(PROVIDED MATERIAL)
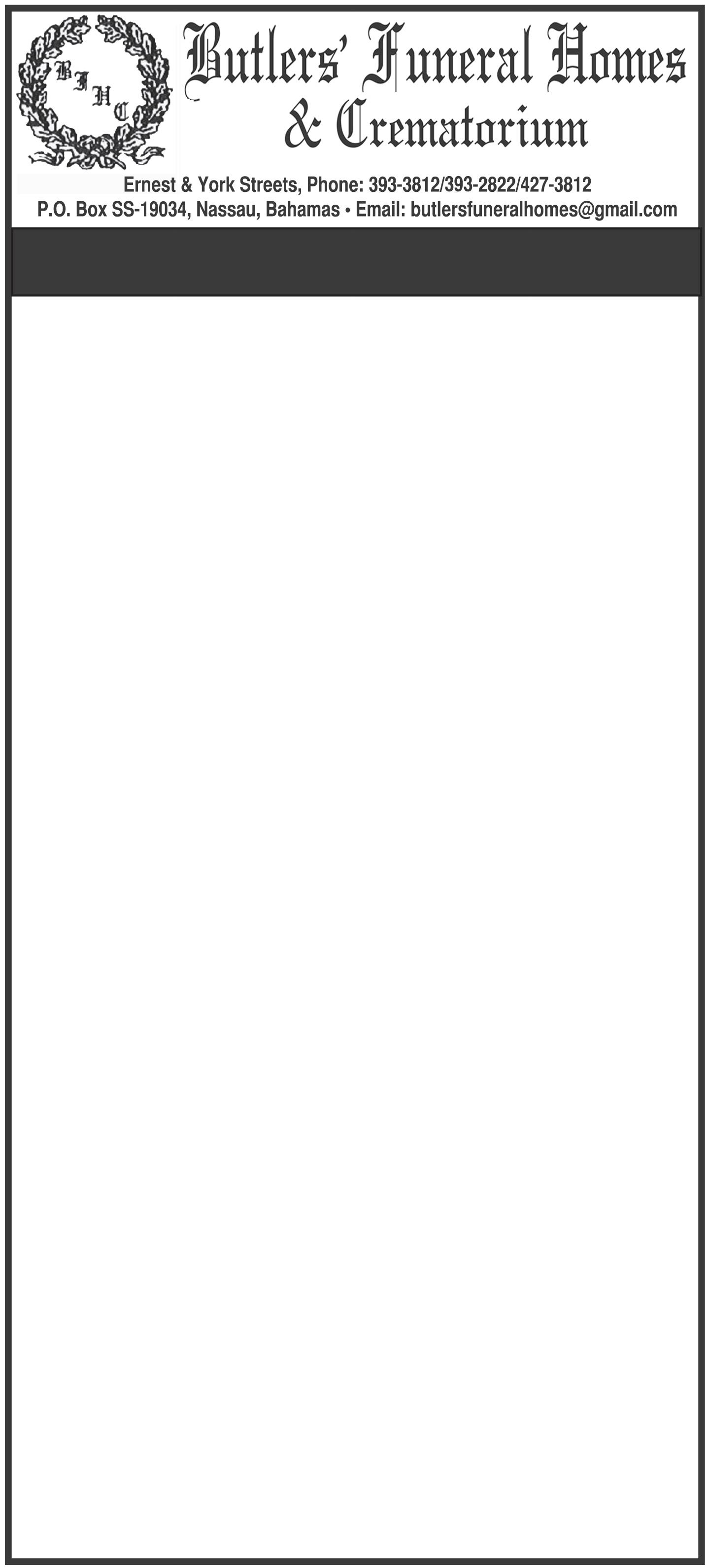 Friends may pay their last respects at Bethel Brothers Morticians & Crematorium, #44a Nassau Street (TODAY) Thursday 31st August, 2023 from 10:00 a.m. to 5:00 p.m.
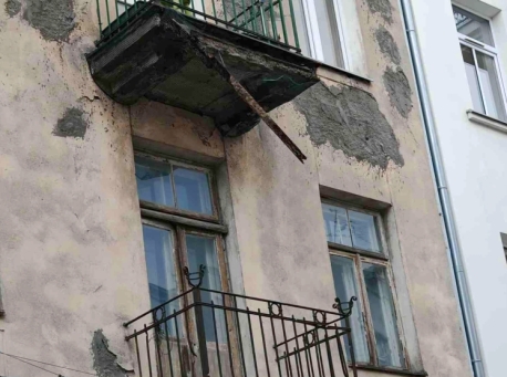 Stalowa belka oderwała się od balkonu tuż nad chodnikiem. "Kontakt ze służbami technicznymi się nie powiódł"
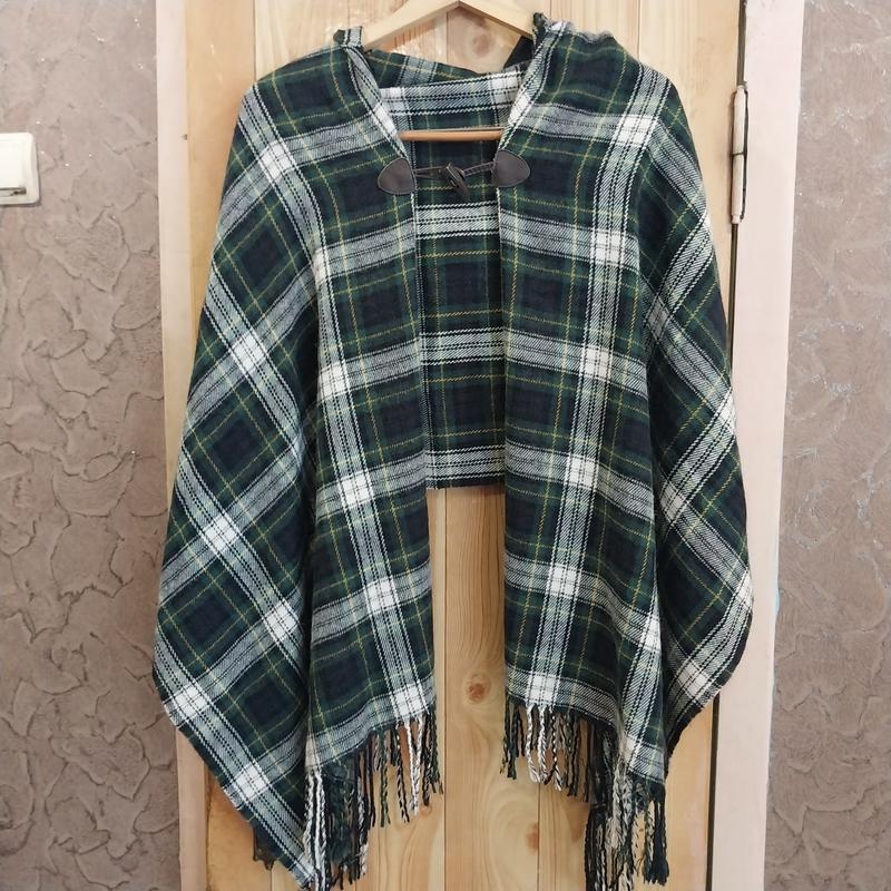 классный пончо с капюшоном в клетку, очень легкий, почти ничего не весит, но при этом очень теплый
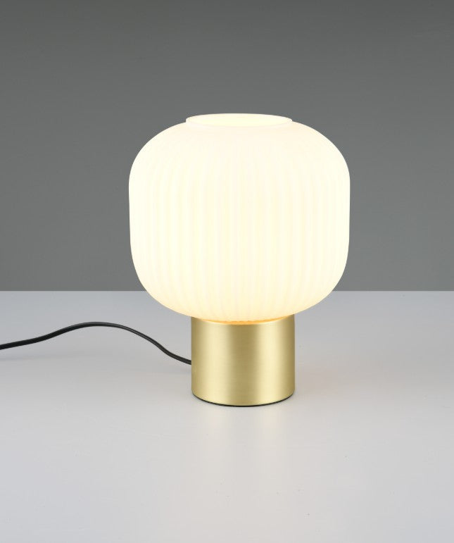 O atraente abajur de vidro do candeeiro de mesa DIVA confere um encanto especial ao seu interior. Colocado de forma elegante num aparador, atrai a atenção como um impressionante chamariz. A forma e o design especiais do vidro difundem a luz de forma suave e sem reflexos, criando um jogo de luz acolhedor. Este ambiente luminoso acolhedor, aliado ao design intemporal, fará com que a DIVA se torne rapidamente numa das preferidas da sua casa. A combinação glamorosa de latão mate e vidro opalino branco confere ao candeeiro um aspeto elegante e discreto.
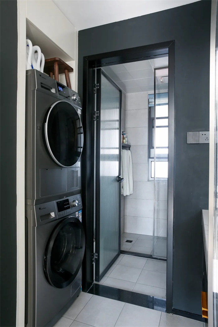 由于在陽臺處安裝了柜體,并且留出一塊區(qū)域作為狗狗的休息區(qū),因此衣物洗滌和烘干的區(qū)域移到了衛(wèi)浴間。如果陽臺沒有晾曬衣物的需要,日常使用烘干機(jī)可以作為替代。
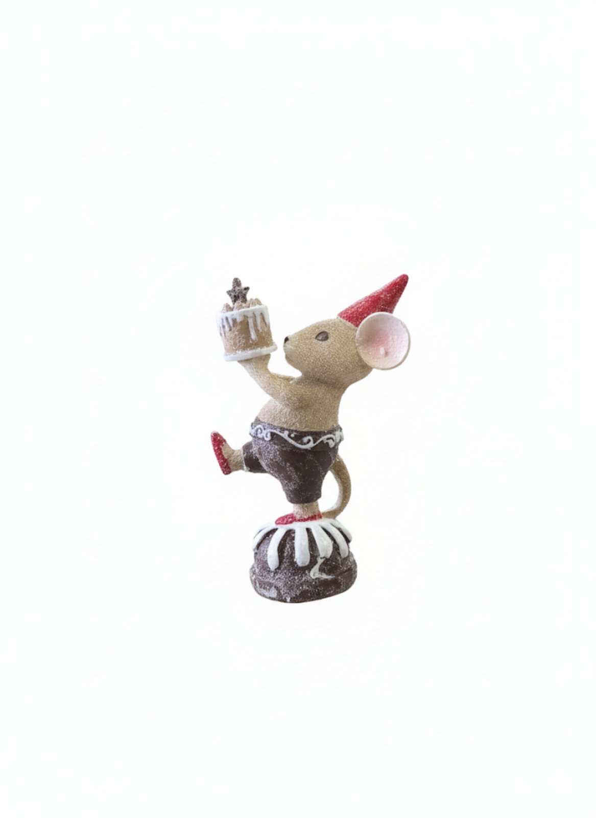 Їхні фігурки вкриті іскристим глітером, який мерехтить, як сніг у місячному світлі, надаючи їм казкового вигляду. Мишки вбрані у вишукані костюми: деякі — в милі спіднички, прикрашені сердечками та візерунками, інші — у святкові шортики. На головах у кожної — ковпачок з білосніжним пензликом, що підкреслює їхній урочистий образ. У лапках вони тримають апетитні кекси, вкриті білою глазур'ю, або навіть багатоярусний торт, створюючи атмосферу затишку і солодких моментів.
(End PROVIDED MATERIAL)
TASK DIRECTIONS =
Would you copy out every entry above word for word, without the pictures?

ANSWER FOR THIS EXERCISE =
 Friends may pay their last respects at Bethel Brothers Morticians & Crematorium, #44a Nassau Street (TODAY) Thursday 31st August, 2023 from 10:00 a.m. to 5:00 p.m.
 Stalowa belka oderwała się od balkonu tuż nad chodnikiem. "Kontakt ze służbami technicznymi się nie powiódł"
 классный пончо с капюшоном в клетку, очень легкий, почти ничего не весит, но при этом очень теплый
 O atraente abajur de vidro do candeeiro de mesa DIVA confere um encanto especial ao seu interior. Colocado de forma elegante num aparador, atrai a atenção como um impressionante chamariz. A forma e o design especiais do vidro difundem a luz de forma suave e sem reflexos, criando um jogo de luz acolhedor. Este ambiente luminoso acolhedor, aliado ao design intemporal, fará com que a DIVA se torne rapidamente numa das preferidas da sua casa. A combinação glamorosa de latão mate e vidro opalino branco confere ao candeeiro um aspeto elegante e discreto.
 由于在陽臺處安裝了柜體,并且留出一塊區(qū)域作為狗狗的休息區(qū),因此衣物洗滌和烘干的區(qū)域移到了衛(wèi)浴間。如果陽臺沒有晾曬衣物的需要,日常使用烘干機(jī)可以作為替代。
 Їхні фігурки вкриті іскристим глітером, який мерехтить, як сніг у місячному світлі, надаючи їм казкового вигляду. Мишки вбрані у вишукані костюми: деякі — в милі спіднички, прикрашені сердечками та візерунками, інші — у святкові шортики. На головах у кожної — ковпачок з білосніжним пензликом, що підкреслює їхній урочистий образ. У лапках вони тримають апетитні кекси, вкриті білою глазур'ю, або навіть багатоярусний торт, створюючи атмосферу затишку і солодких моментів.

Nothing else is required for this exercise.